A moment of clarity about communication

I don’t believe for one in one instant that it’s just a coincidence that they loaded us in a van and they took us to an meeting that night. Thank God, they put me in a van and they took me to my first Al-Anon meeting, and it turns out this was to be my home group, the Summit Al-Anon Family Group, where I still go today. I fell into a nest of winners. I’m not sure I would have had the courage to go by myself. I’m really do not know. So I’m grateful I went in those meetings and they were talking about the secrets that I’d been keeping for years. I was shocked. That they were openly discussing how they felt about what was happening in their homes. It was exactly what was happening in my home! I immediately fit there and it was amazing because I had not fit in anywhere for years. Nowhere. I just didn’t fit out there in the world. Really, I didn’t fit anywhere; but I fit here in the rooms. I started following Good Orderly Direction for the very first time that I can remember. I was teacher, coach, and Sunday school teacher but I had never followed direction of any kind. I began following Good Orderly Direction in Al-Anon and the first thing I got was HOPE and hope became a tool in my belt. I choose to put on that tool belt on a daily basis and eventually I got a sponsor. She was a black belt in Al-Anon and had been around for 27 years.

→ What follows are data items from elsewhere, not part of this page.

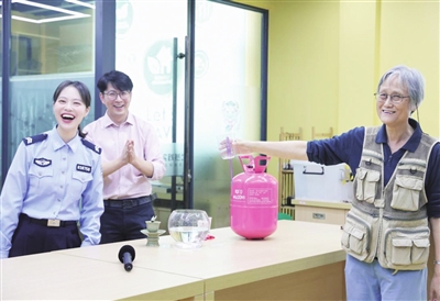 为加强反诈宣传,杨浦公安分局特别聘请同济大学物理学退休教授、“不刷题的吴姥姥”吴於人,成为杨浦公安分局义务反诈宣传员。当天,团队成员严朝俊和杨浦公安分局反诈民警楼嘉倩,首先借用一个“贪心杯”喝水实验,来演示“贪心”带来的巨大损失。
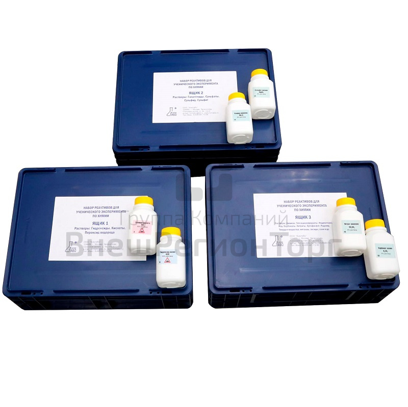 Набор реактивов рассчитан на использование в 8-9 классах (по 30 учащихся в каждом классе) на 1 учебный год. Включает 65 наименований готовых к использованию реактивов, в т.ч. 46 растворов (5 кислот, 2 гидроксида, 35 солей, 3 индикатора, пероксид водорода) и 19 кристаллических веществ (5 металлов, 5 оксидов металлов, 7 солей, 1 гидроксид, крахмал). Общее количество флаконов в наборе - 87, в т.ч. 66 флаконов по 250 мл и 21 флакон по 50 мл. Часто используемые реактивы (кислоты, щелочи и др.) размещены в нескольких флаконах.
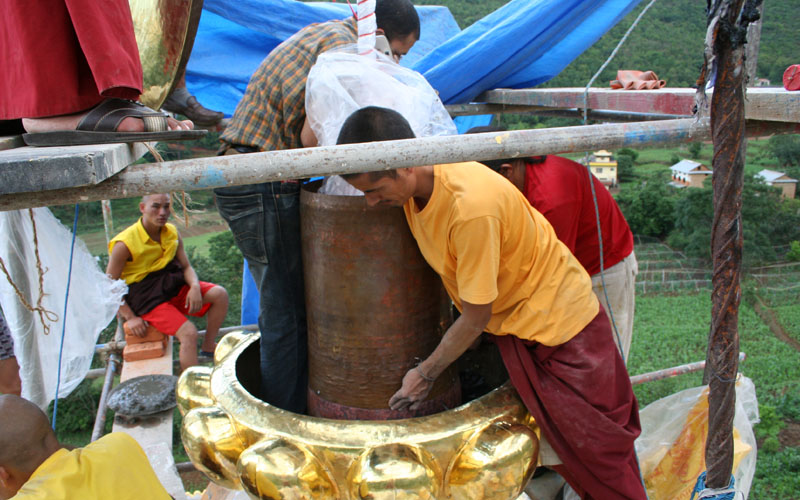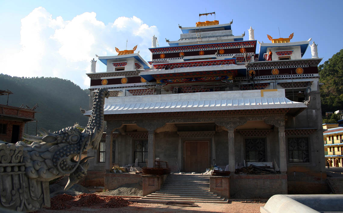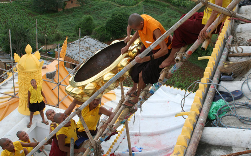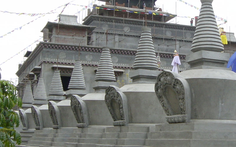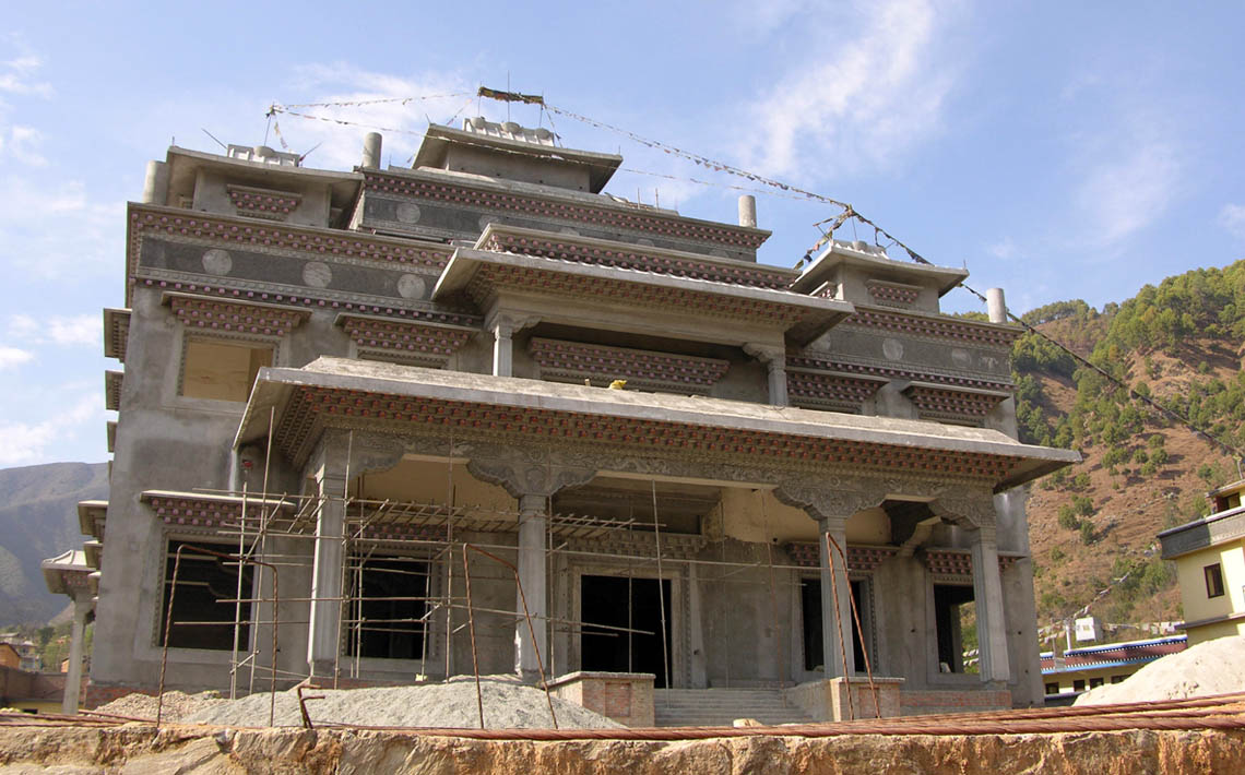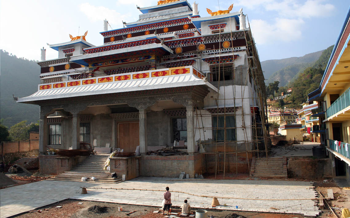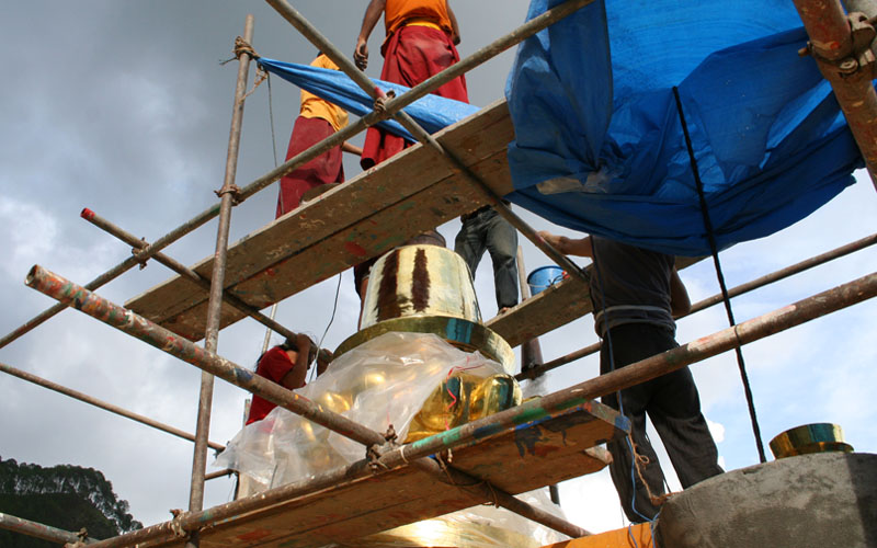 从觅地、设计、筹资、挑选建材、工匠,到历时数年的建筑工事,全是尊贵的仁波切和佛母不辞艰辛地亲自参与每个过程和细节,因有这般圆满的清净发心和行事,始呈现如法王 董瑟听列诺布仁波切亲喻首屈一指的圆满佛寺。 法王说道:此桑耶纪念佛寺对宁玛巴传承及世人而言,恩德等同莲师净土铜色吉祥山,是自然天成的摩尼宝,是圆满累积福慧资粮的殊胜所依。
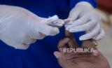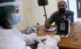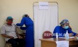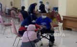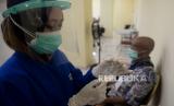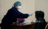 Petugas medis melakukan screening kesehatan kepada warga lansia penerima vaksin COVID-19 di GOR Pancoran, Jakarta, Selasa (23/3). Seketaris Daerah Provinsi DKI Jakarta, Marullah Matali mengharapkan vaksinasi Covid-19 untuk lansia dapat diselesaikan sesuai target yaitu 31 Maret 2021. Sebab, mereka merupakan kelompok rentan yang juga masuk dalam prioritas penerima vaksin di Jakarta.Prayogi/Republika (FOTO : Prayogi/Republika.)
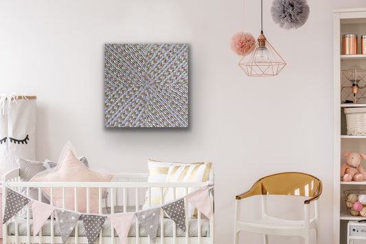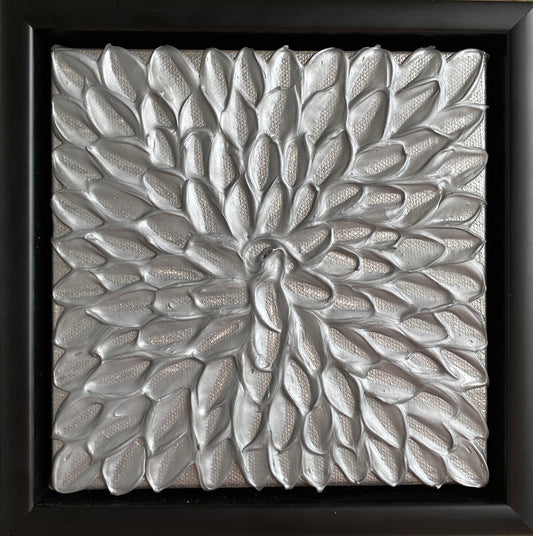 SILVER ABSTRACT MINI 18x18 cm acrylic on canvas original painting FRAMED
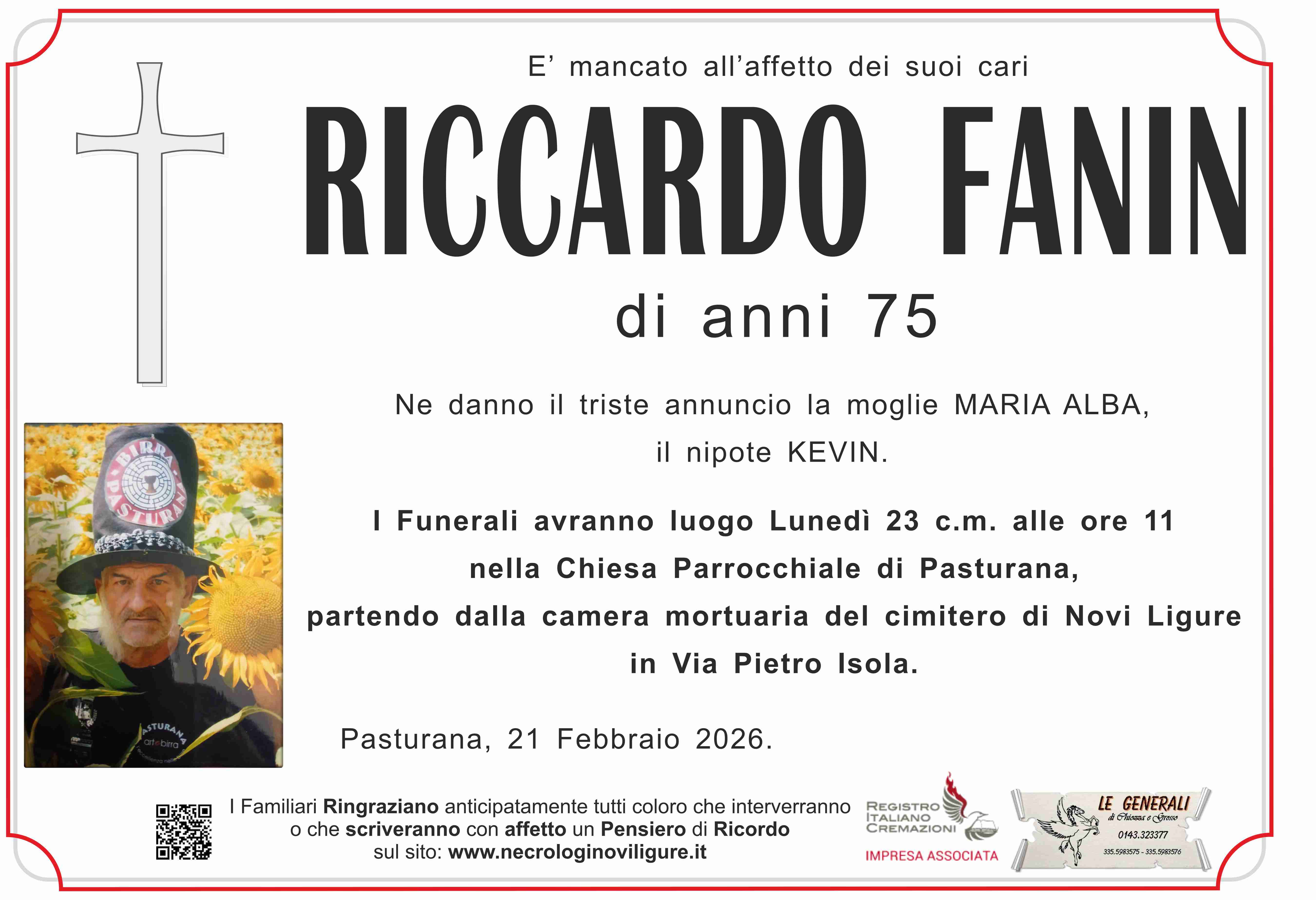 I familiari ringraziano anticipatamente tutti coloro che parteciperanno alla cerimonia funebre
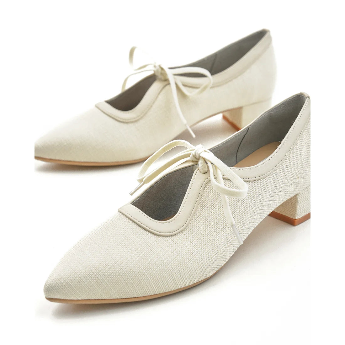 【新品預訂】日本製Emma Francis 3cm踭 經典蝴蝶結高跟鞋(象牙色)(3002g-Z 177)

I’ll never forget the first suggestion she made to me, she said, “You know, they do not tell you what to do here, but they make very strong suggestions an in such a way that they just are almost telling you what to do.” Then she laughed. She said, “Robin, it would be a good idea if you didn’t say anything to the alcoholic that was judging accusing or blaming.” I was willing to go to any lengths. So I took that home. I held everything up to it. Is it judging? Is it accusing? Is it blaming? Basically, all communication on my part ceased and could not pass the simple test. I had no idea that everything I had said to that man for years was judging him, accusing him, or blaming him everything.

Good Al-Anon quote

Here is an absolutely wonderful quote that sums up communication, detachment, and the principles of the program. If you know a loved one who is having difficulty with alcoholism, there are always meetings in every city, state, province, county, or town. The gifts of the program keep giving each and every day and a new life is right around the corner

“How can I best help the alcoholic? By not interfering when he gets into difficulties. I must detach myself from his shortcoming, neither making up for them nor criticizing them. Let me learn to play my own role, and leave his to him. If he fails in it, the failure is not mine, no matter what others may think or say about it.” One Day At a Time in Al-Anon, pg.29)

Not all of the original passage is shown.